Theres also some fuss asserting that doing a bunch of matrix multiplication is an inefficient way to emulate physical neural networks, so maybe future architectures will be radically different?
I've always thought it logical to integrate RAM & cpu.
Look over the course of history: there's often a roughly-fixed ratio between cpu performance & RAM bandwidth (+ size), and cpu/memory <-> graphics interconnect speed. Any of those factors get too far out of wack, and you've got a machine with poor bang/$.
GPU integration is old now. Ok I've read there's a mismatch between silicon processes used for logic (like cpu/gpu etc) and memory? But hey, this is 2023. Chiplets? Stacked dies? Or just do the best with available tech? It's not like there are no ICs that integrate RAM & compute.
With the right architecture, the "memory wall" could be (mostly) a thing of the past. With enough cores & on-chip RAM bandwidth, maybe specialized gpu processing wouldn't even be needed anymore? For example:
Who knows? IBM Research just released info on their updated compute in memory chip [0]. Intriguing, but it doesn't provide a ton of insight in to whether or not it will be commercially viable any time soon.
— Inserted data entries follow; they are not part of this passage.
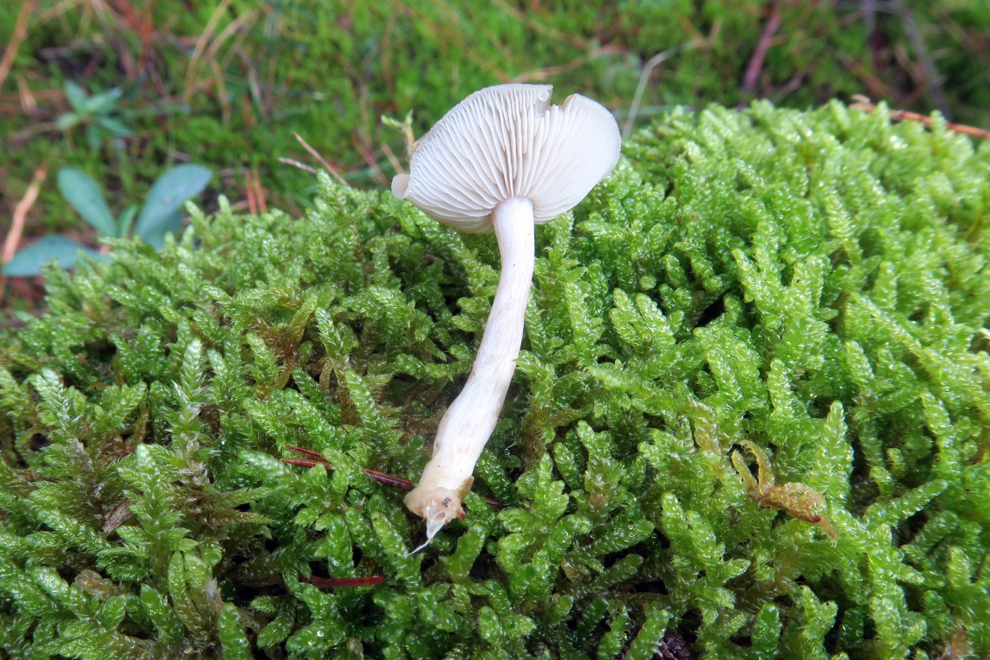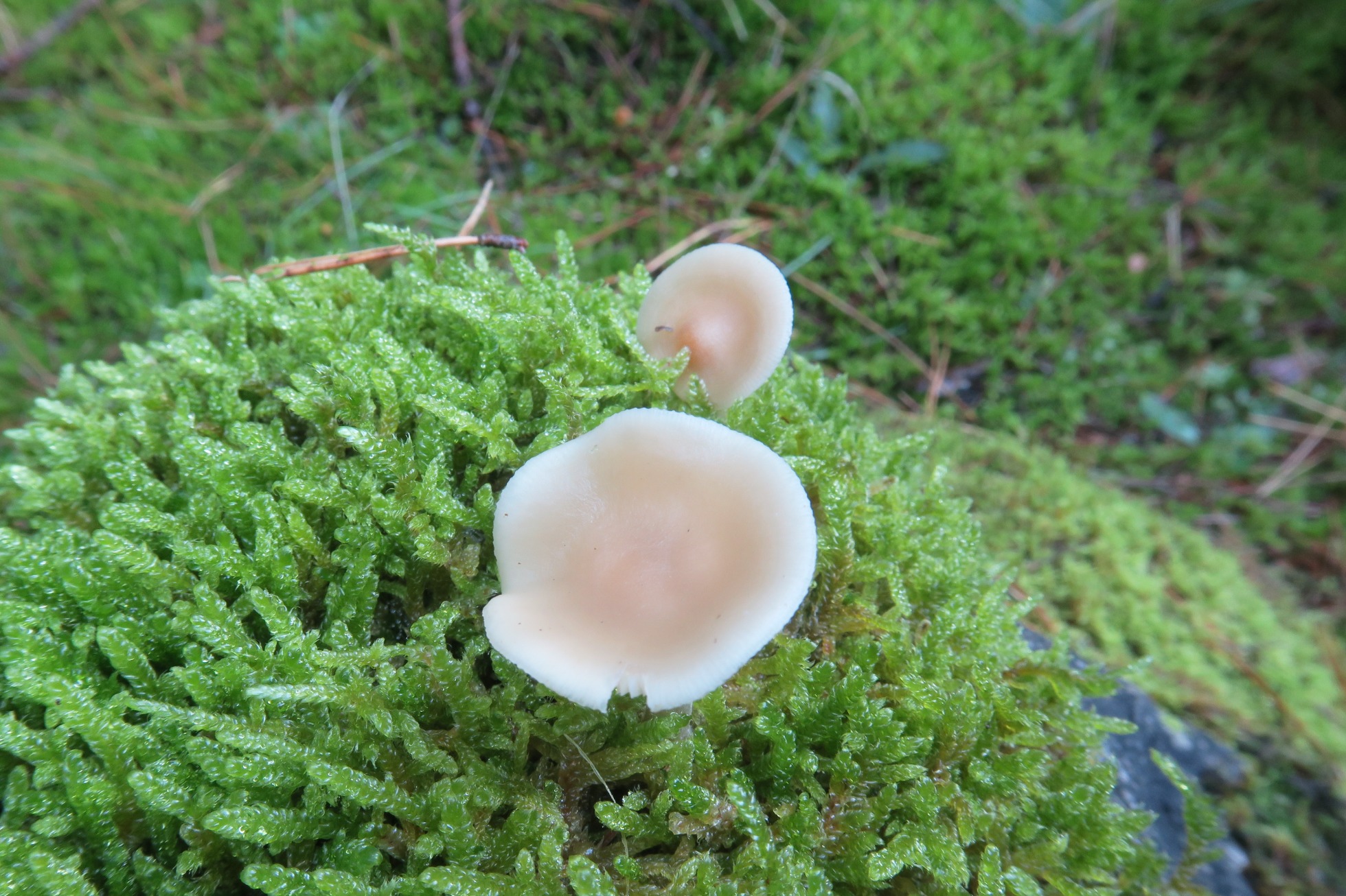 Un Clitocybe del 6 de Noviembre de 2022, bajo pinos y brotando sobre el musgo de un tocón.
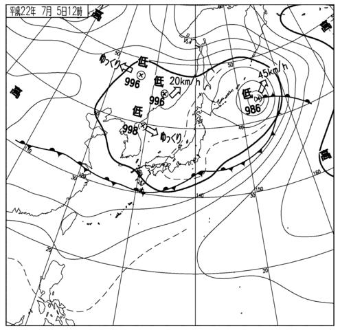 先日の天気図。お天気のいい日と較べると15hPa前後も違います。高度にすると100〜150mほどでしょうか。
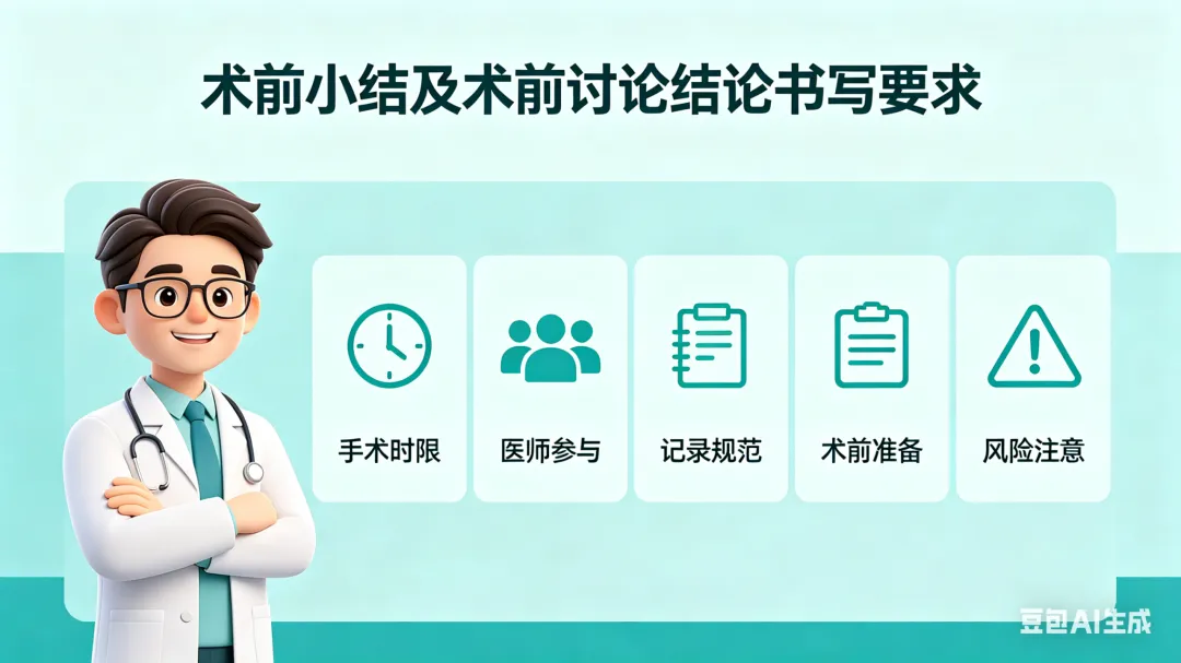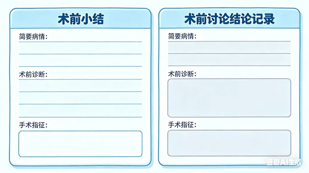 术前讨论是十八项医疗质量安全核心制度之一,不仅是保障手术安全、降低医疗风险的关键环节,更是规范诊疗行为、提升医疗质量的重要举措。很多医生容易混淆归档科室台账的"术前讨论记录"和放入病历的"术前讨论结论记录",或因内容不完整、重点不突出导致文书不合格。
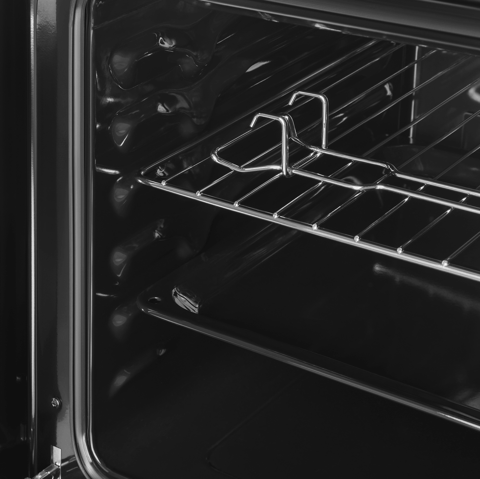 i Выдвижные металлические полозья, которые легко выезжают за пределы камеры духовки вместе с противнем, не давая ему упасть.
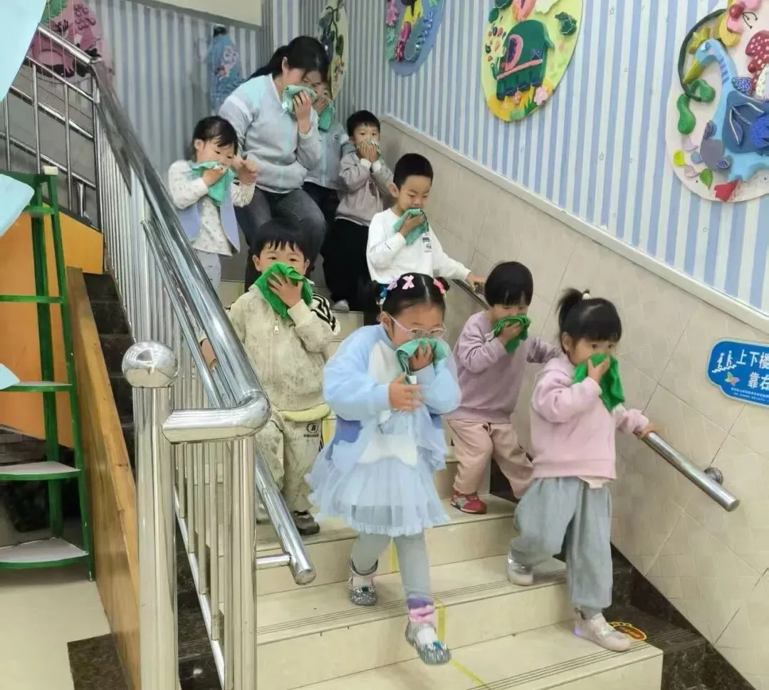 伴随着急促的警报声,一场实战模拟演练拉开序幕。全园师生反应迅速,孩子们在老师的引导下,低头弯腰、捂住口鼻,沿着预设路线有序撤离到操场安全地带。从教室到空旷处,整个过程忙而不乱,这种肌肉记忆的训练,比任何说教都更有力量。

Computing in the actual storage banks seems a bit over-the-top to me, but I always wondered about computing in the "currently open row". It seems like an obvious optimization candidate for fast memset() and memcpy(), by setting that row from another source than the storage bank, selectively loading or storing it, and shifting its contents around.
Two recent (weeks) papers/presentations on:
doing just that (LUT at the row buffer) https://youtu.be/9t1FJQ6nNw4;
doing parallel sense in NAND for computing AND between rows (which they call pages, but in DRAM they're called rows. It's the same concept, though.) https://youtu.be/QWL2Rw_VhHg
> For this CAS latency, HBM (Observation 6) offers a significant advantage over regular
DRAMs. This is because HBM has tCCD = 1 or 2 compared to tCCD >= 4 for DRAM. Accordingly, HBM can reduce the CAS latency component to at least half of its DRAM value.
DRAM itself hasn't really changed too much for decades, and the length of time for the cas latency is determined by physics, so it's probably comparable to any other dram. Once you have the row open though, you can burst it out almost instantly over the very wide bus HBM gives you.